I would add only, that as Paduda notes elsewhere in this week’s Health Wonk Review: “the CBO estimate gives very little weight to the  Independent Payment Advisory Commission (IPAC), a potentially very strong cost control mechanism.”

 Under the Affordable Care Act, if  Medicare spending rises over a certain amount, IPAC is required to come up with ways of reducing Medicare spending without cutting benefits or shifting costs to patients. IPAC does not need permission from Congress; legislators can over-ride IPAC’s suggestions only if they can find a way to achieving equal savings without reducing benefits –or raising co-pays and deductibles.  That will be difficult since any cuts in spending will step on some lobbyists’ toes. This may be one reason why legislators who crafted the reform bill turned the problem over to an independent commission. (This is the same strategy they used when it came to closing military bases in the U.S., another issue fraught with special-interest politics.)
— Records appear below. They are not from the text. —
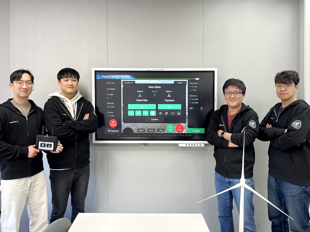 소형 드론만 있으면 누구나 손쉽게 풍력발전기를 점검할 수 있는 기술이 나왔다. 드론 제조 업체 니어스랩이 개발한 드론 자율비행 소프트웨어가 2025년도 9주 차 IR52 장영실상 수상 제품으로 선정됐다. '니어스윈드모바일'은 상용 드론을 조정해 풍력발전기를 점검할 수 있는 모바일 애플리케이션이다. 소형 상용 드론과 이 애플리케이션이 설치된 모바일 기기만 있으면 비싸고 무거운 산업용 드론 없이도 설비를 점검할 수 있다.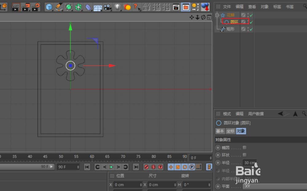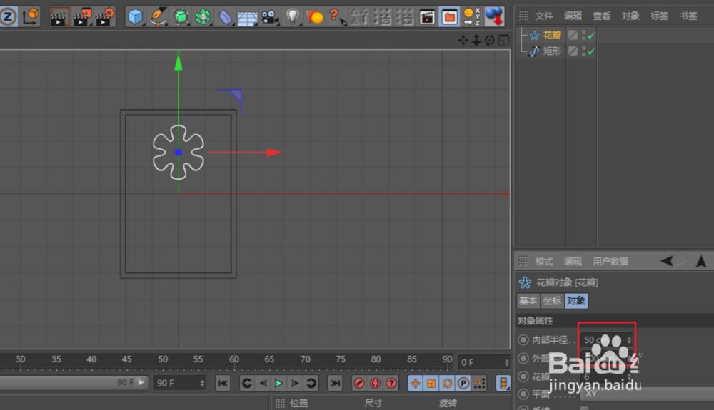 好了,花窗怎么能没有花朵呢?切换到花瓣样条,开始调整它的形态。根据你想要的风格,灵活修改半径和花瓣数量(可以参考图中的参数)。在花瓣中心,别忘了加上一个圆环作为花蕊。制作完成后,把这两个图形作为一个整体,移动到窗框的中上部,找个最合适的位置放好。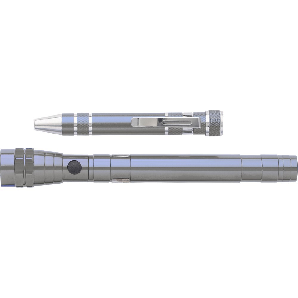 Zestaw narzędzi, śrubokręt, 8 końcówek, teleskopowa latarka 3 LED / Szary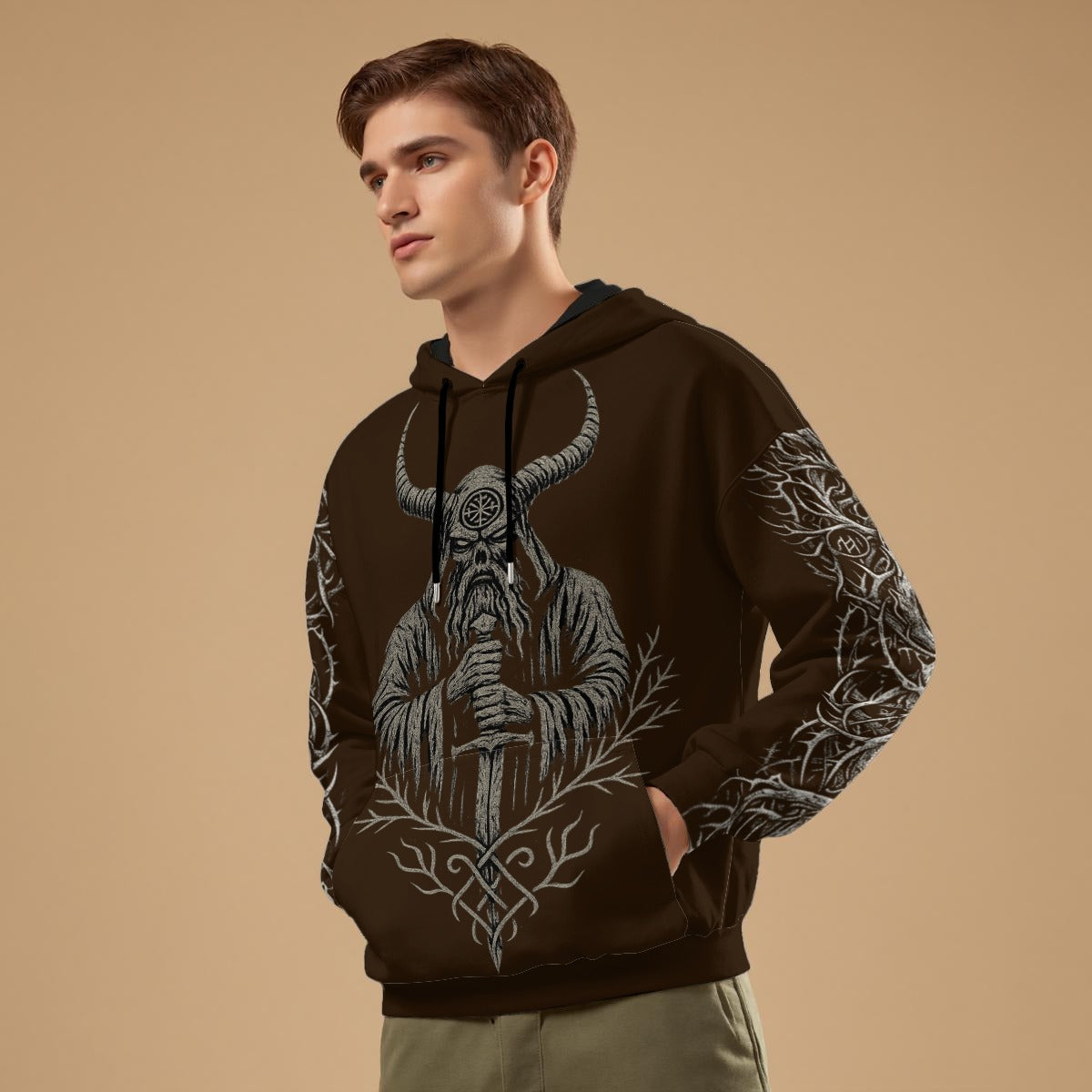 - Langer Ärmel, Schlingenmuster innen, mit Kordelzug, Kängurutasche

It’s worth noting that drug-makers are aware of just how much power IPAC has, and this is a plank in the health care reform that they would like to deep-six.  They are particularly concerned that IPAC will recommend that Medicare avoid cost over-runs by refusing to shell out exorbitant sums for some high-priced drugs–especially when clinical evidence suggests that they are of little value.

In my humble opinion, Big Pharma has reason to be worried.  And, as Paduda suggests, CBO may not have given as much weight as it should to IPAC’s ability  to “break the curve” of  Medicare inflation. But to be fair, CBO is only supposed to count savings that it can “score.”  It’s impossible to guesstimate just how much IPAC may save.